# [Assignment]
Could you print the listing again exactly, omitting the pictures?

# [Input]
:::
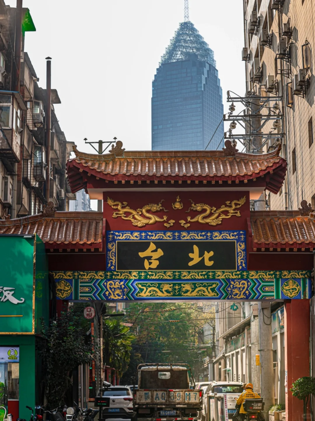 位于武汉万象城对面,有台北的牌坊,与后面的高层遥相呼应,古今同款
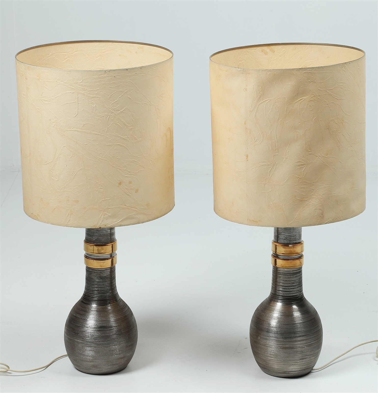 MANIFATTURA DEL XX SECOLO Lotto composto da n.2 lampade con paralume. Ceramica. Cm 18,00 x 50,00. Le dimensioni indicate sono senza il paralume.
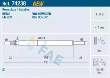 Свічка розжарювання FAE 74238
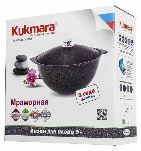 Казан Kukmara кмт95а литой 9,0 л для плова (темный мрамор) интересное:
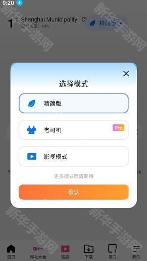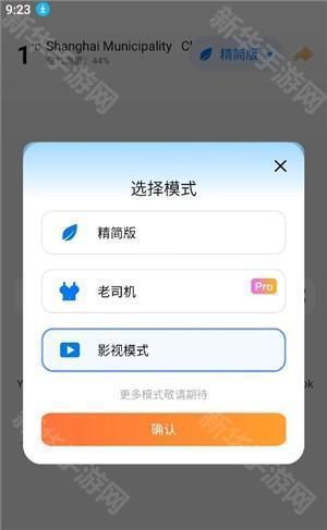 2.会弹出一个模式选择窗口。有影视模式和精简模式等
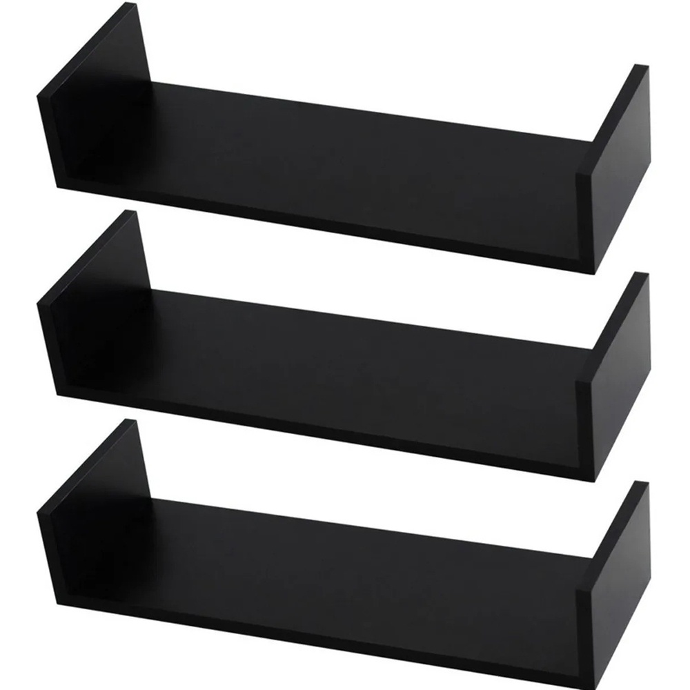 Kit 3 Prateleiras U Mdf 65x20cm Preto Nicho Livros Revista
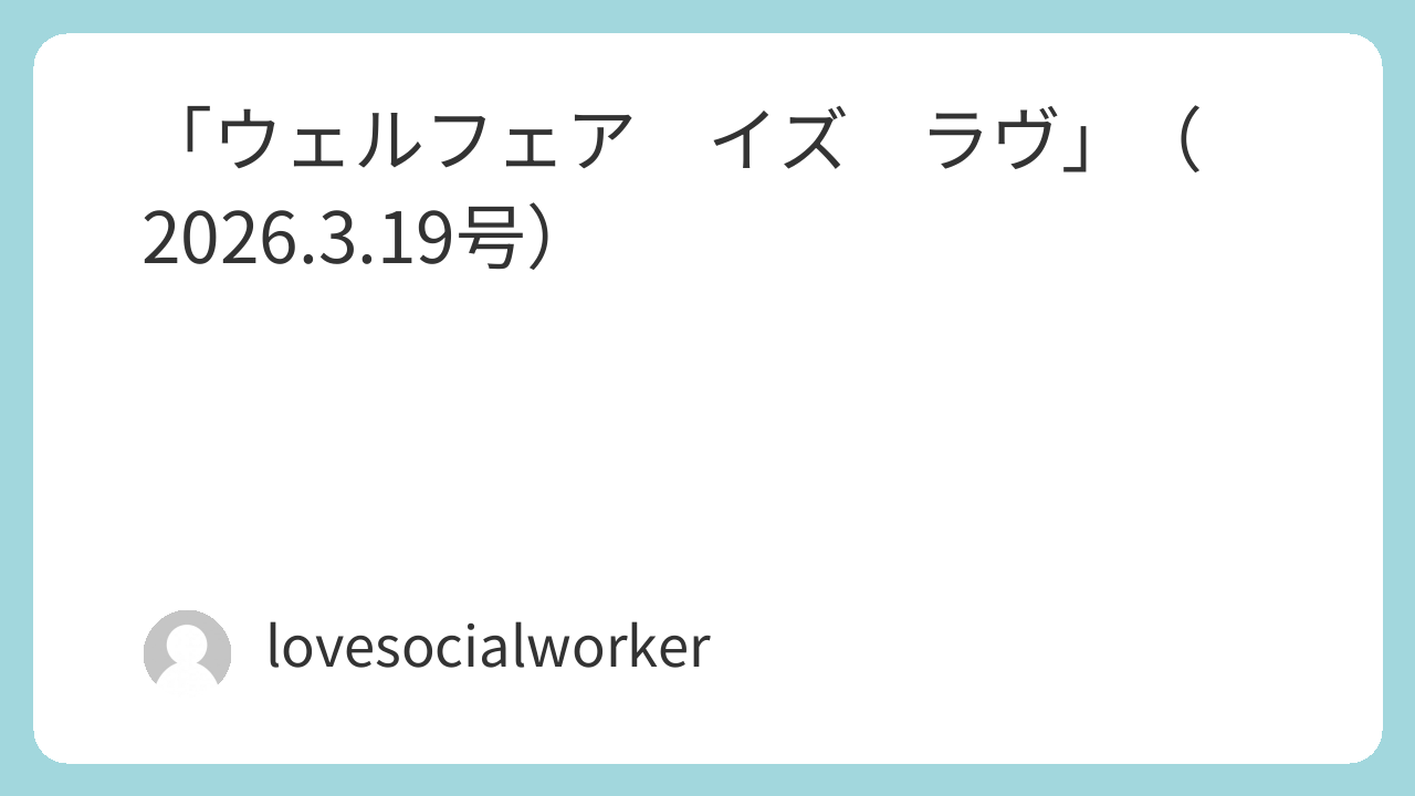 「ウェルフェア イズ ラヴ」(2026.3.19号) ウェルフェア イズ ラヴ💖 X Facebook はてブ LINE Pinterest コピー 2026.03.19 こんにちは。「社会福祉士相談所 LOVE」です。 今週の事業所広報紙をUp致します。 なお、今週号の内容は…。 ○香川県 補聴器購入補助事業新設 ○上手くいくといいな♪ ○赤い羽根・物価高騰下のいのちをつなぐ支え合いキャンペーン ○NPO法人 子育てネットひまわり 様のクラファンチャレンジ となっております。 PDFファイルをダウンロードしてご確認下さいませ💖 2026.3.19ダウンロード
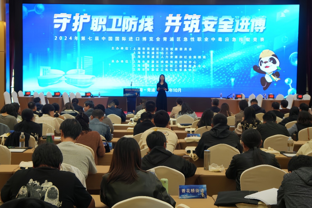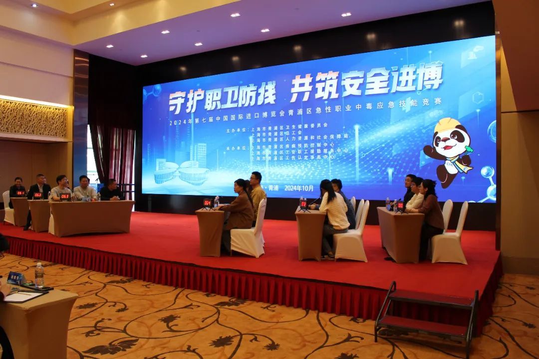 为进一步提升第七届中国国际进口博览会期间的职业病防控应急处置能力,昨天(10月23日)下午,区卫健委、区总工会、区人社局共同举办第七届中国国际进口博览会青浦区急性职业中毒应急技能竞赛。来自全区11个街镇的33名选手展开激烈角逐,全面检验、展示了青浦区职业病防控应急处置能力。
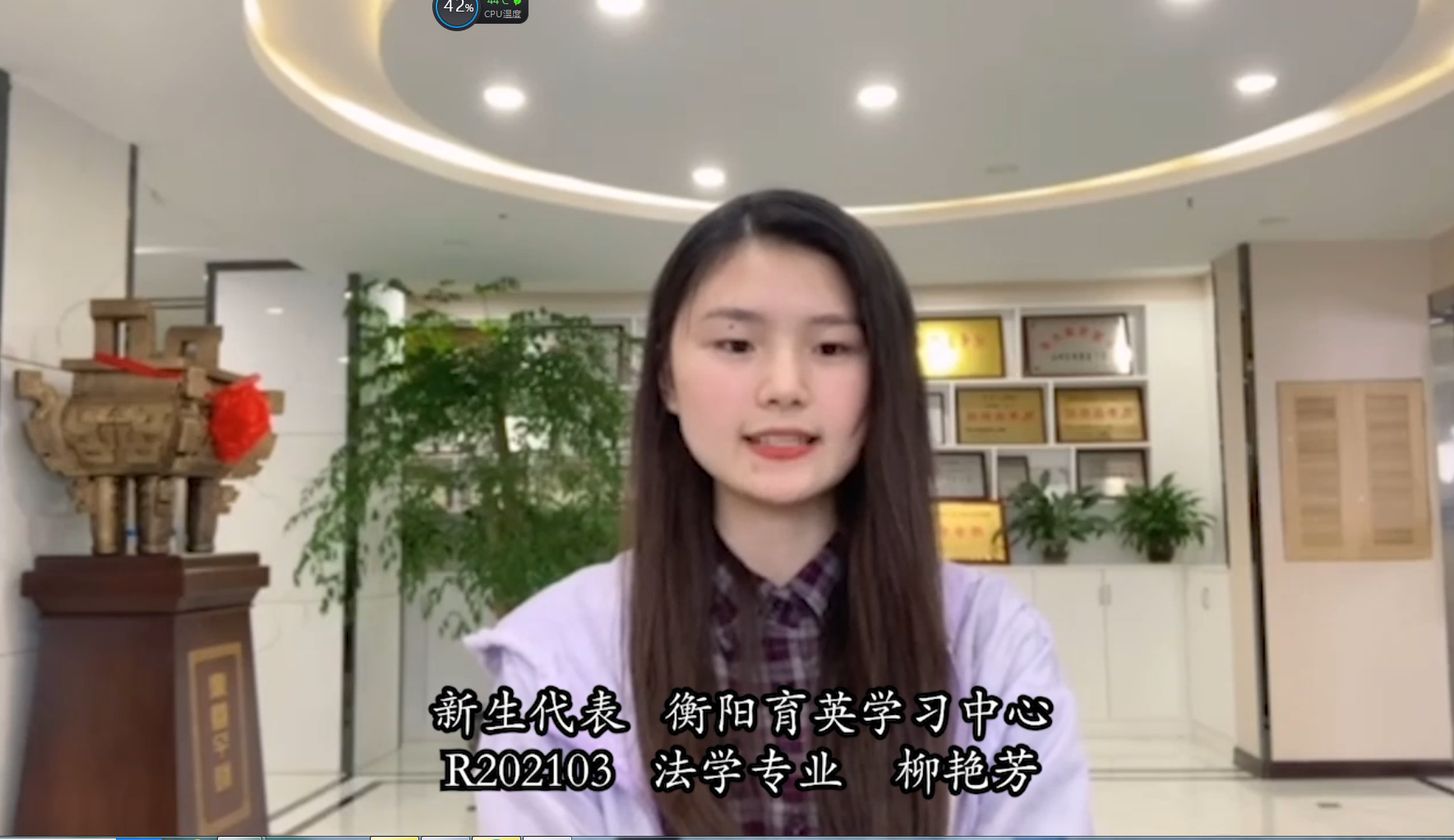 衡阳育英学习中心2021年春季法学专业的柳艳芳作为新生代表发言。她对自己能够进入厦门大学学习表示由衷的欣喜,同时希望和所有新同学一起学好专业知识,全面提高综合素质,争做发奋图强的“厦大人”。
:::
# [Answer to the exercise]
 位于武汉万象城对面,有台北的牌坊,与后面的高层遥相呼应,古今同款
 MANIFATTURA DEL XX SECOLO Lotto composto da n.2 lampade con paralume. Ceramica. Cm 18,00 x 50,00. Le dimensioni indicate sono senza il paralume.
 Свічка розжарювання FAE 74238
 Казан Kukmara кмт95а литой 9,0 л для плова (темный мрамор) интересное:
 2.会弹出一个模式选择窗口。有影视模式和精简模式等
 Kit 3 Prateleiras U Mdf 65x20cm Preto Nicho Livros Revista
 「ウェルフェア イズ ラヴ」(2026.3.19号) ウェルフェア イズ ラヴ💖 X Facebook はてブ LINE Pinterest コピー 2026.03.19 こんにちは。「社会福祉士相談所 LOVE」です。 今週の事業所広報紙をUp致します。 なお、今週号の内容は…。 ○香川県 補聴器購入補助事業新設 ○上手くいくといいな♪ ○赤い羽根・物価高騰下のいのちをつなぐ支え合いキャンペーン ○NPO法人 子育てネットひまわり 様のクラファンチャレンジ となっております。 PDFファイルをダウンロードしてご確認下さいませ💖 2026.3.19ダウンロード
 为进一步提升第七届中国国际进口博览会期间的职业病防控应急处置能力,昨天(10月23日)下午,区卫健委、区总工会、区人社局共同举办第七届中国国际进口博览会青浦区急性职业中毒应急技能竞赛。来自全区11个街镇的33名选手展开激烈角逐,全面检验、展示了青浦区职业病防控应急处置能力。
 衡阳育英学习中心2021年春季法学专业的柳艳芳作为新生代表发言。她对自己能够进入厦门大学学习表示由衷的欣喜,同时希望和所有新同学一起学好专业知识,全面提高综合素质,争做发奋图强的“厦大人”。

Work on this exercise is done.